Jarvis declared the white carnation the official flower of Mother’s Day, and she urged sons and daughters to visit their mothers or, at the very least, to write home on Mother’s Day. “Live this day as your mother would have you live it,” Jarvis instructed in her letters. Her vision for the day was domestic — focusing on a mother’s role within the home — and highly sentimental. It was to be celebrated “in honor of the best mother who ever lived — your own.”


Chris Ritter / BuzzFeed News

Founding Mother’s Day and fulfilling her mother’s wish was Jarvis’ crowning achievement, and continued to be her all-consuming, singular purpose in life well after the day was officially established in 1914. It wasn’t enough for her to be the originator of Mother’s Day.
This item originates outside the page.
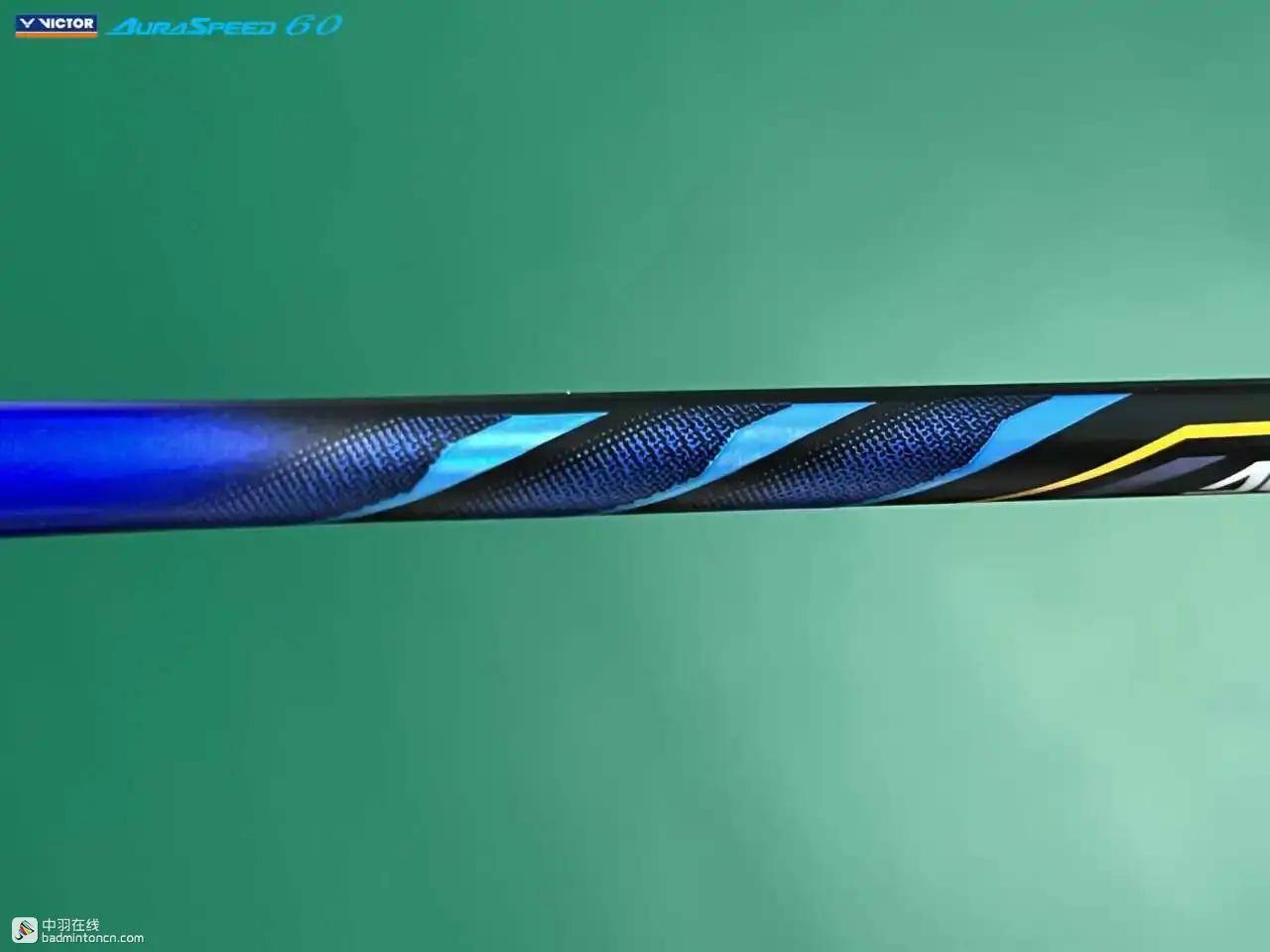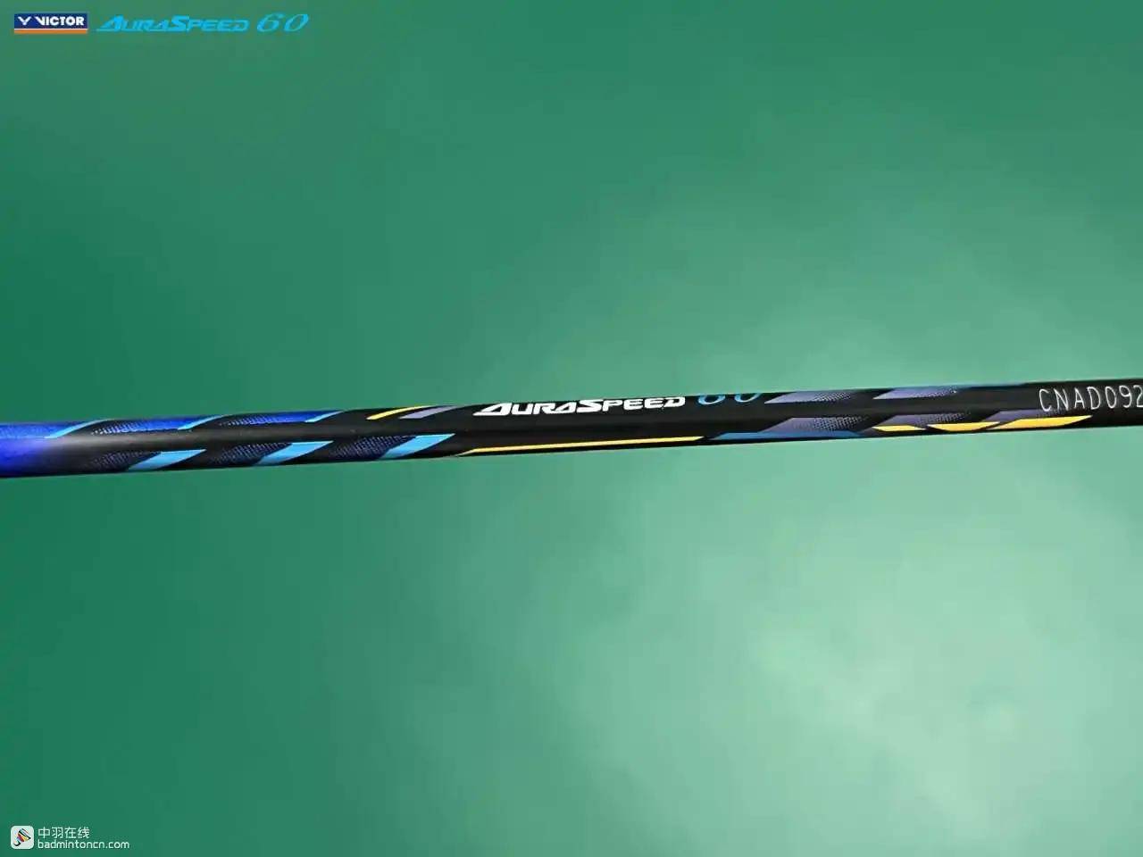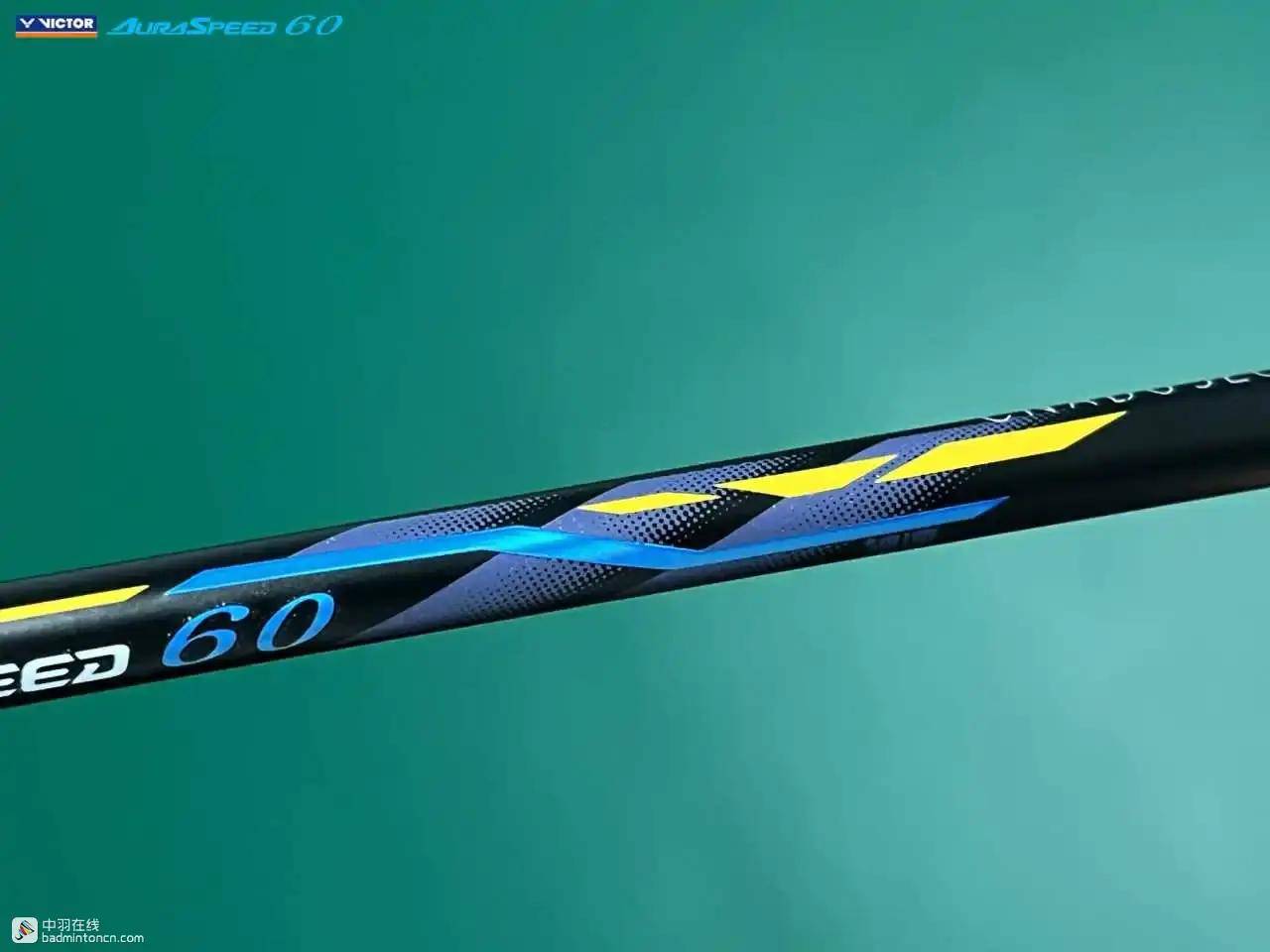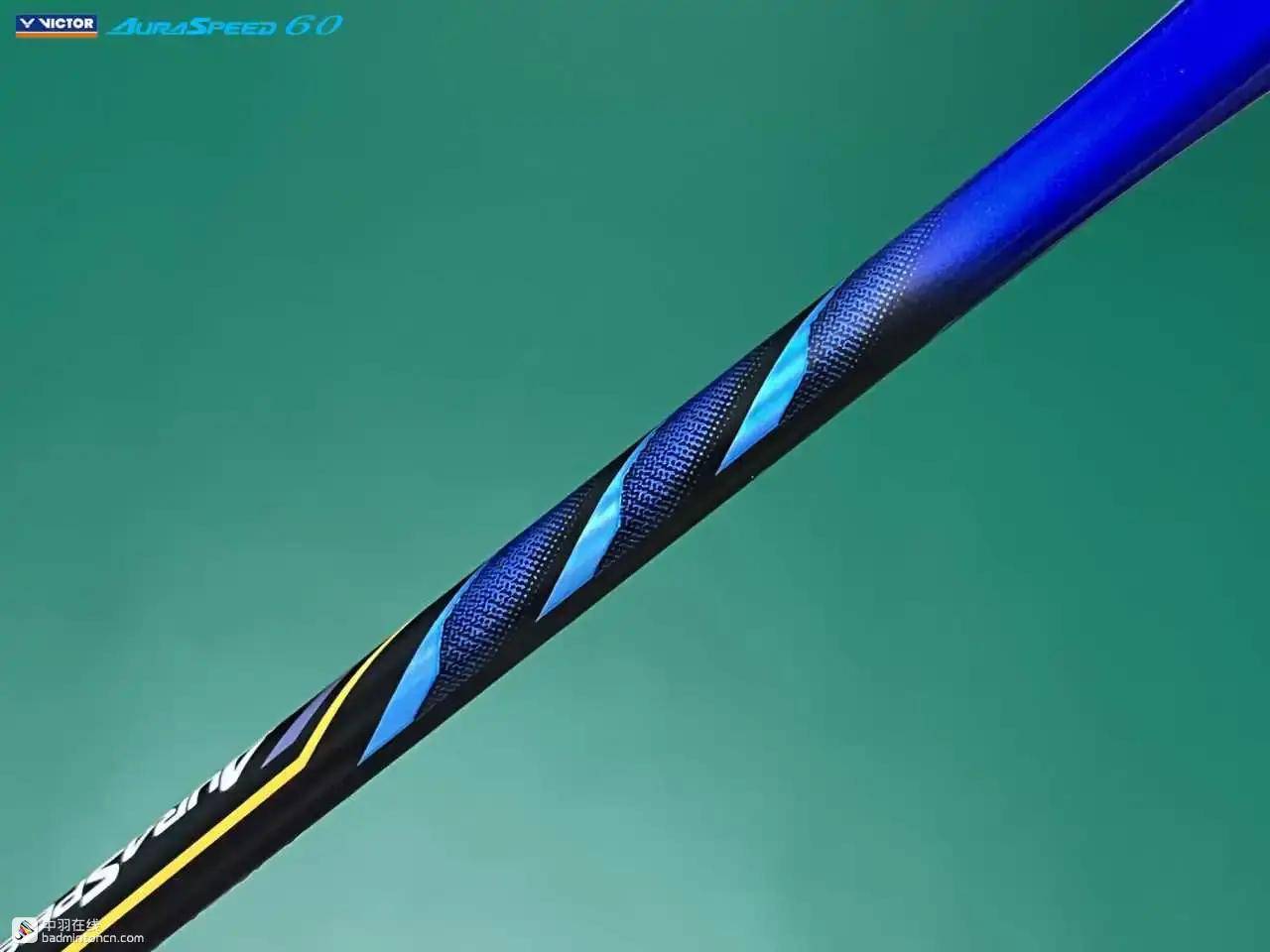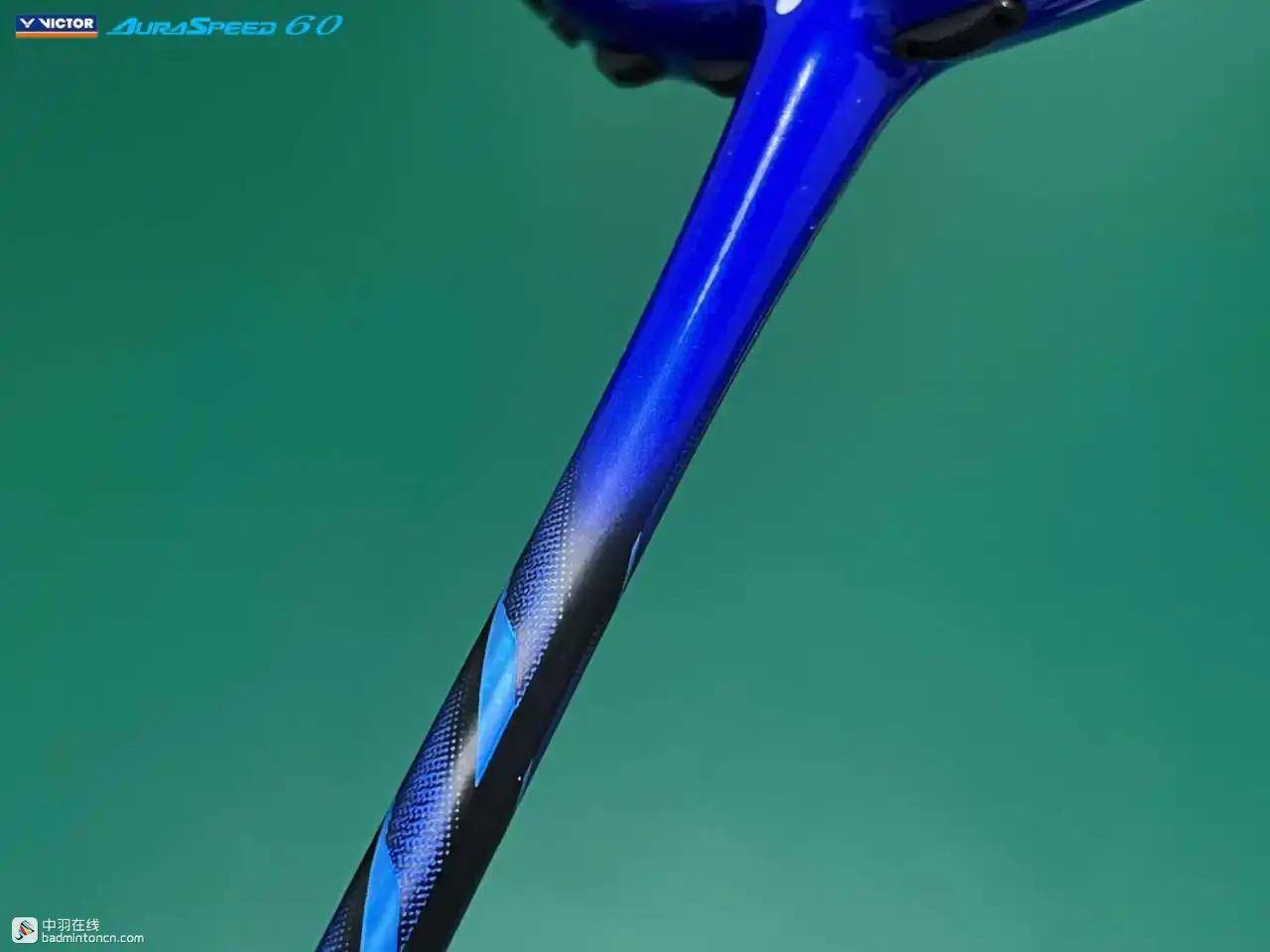型号名称印在中杆中部,在黑色的底色上,白色的“AURASPEED”非常显眼,而“60”则采用水蓝色水标,闪闪发光的表面和两旁同样质感的水标图案相互照应,科技感十足。

Jarvis wanted to own it, and she didn’t want any outside forces corrupting her vision of what the day should be. She incorporated herself as the Mother’s Day International Association, copyrighted her own photograph, and trademarked the Mother’s Day Seal with a drawing of a carnation and the words “Mother’s Day” (always singular possessive to distinguish from “Mothers’ Day” impostors), “Second Sunday in May,” and, of course, “Anna Jarvis Founder.”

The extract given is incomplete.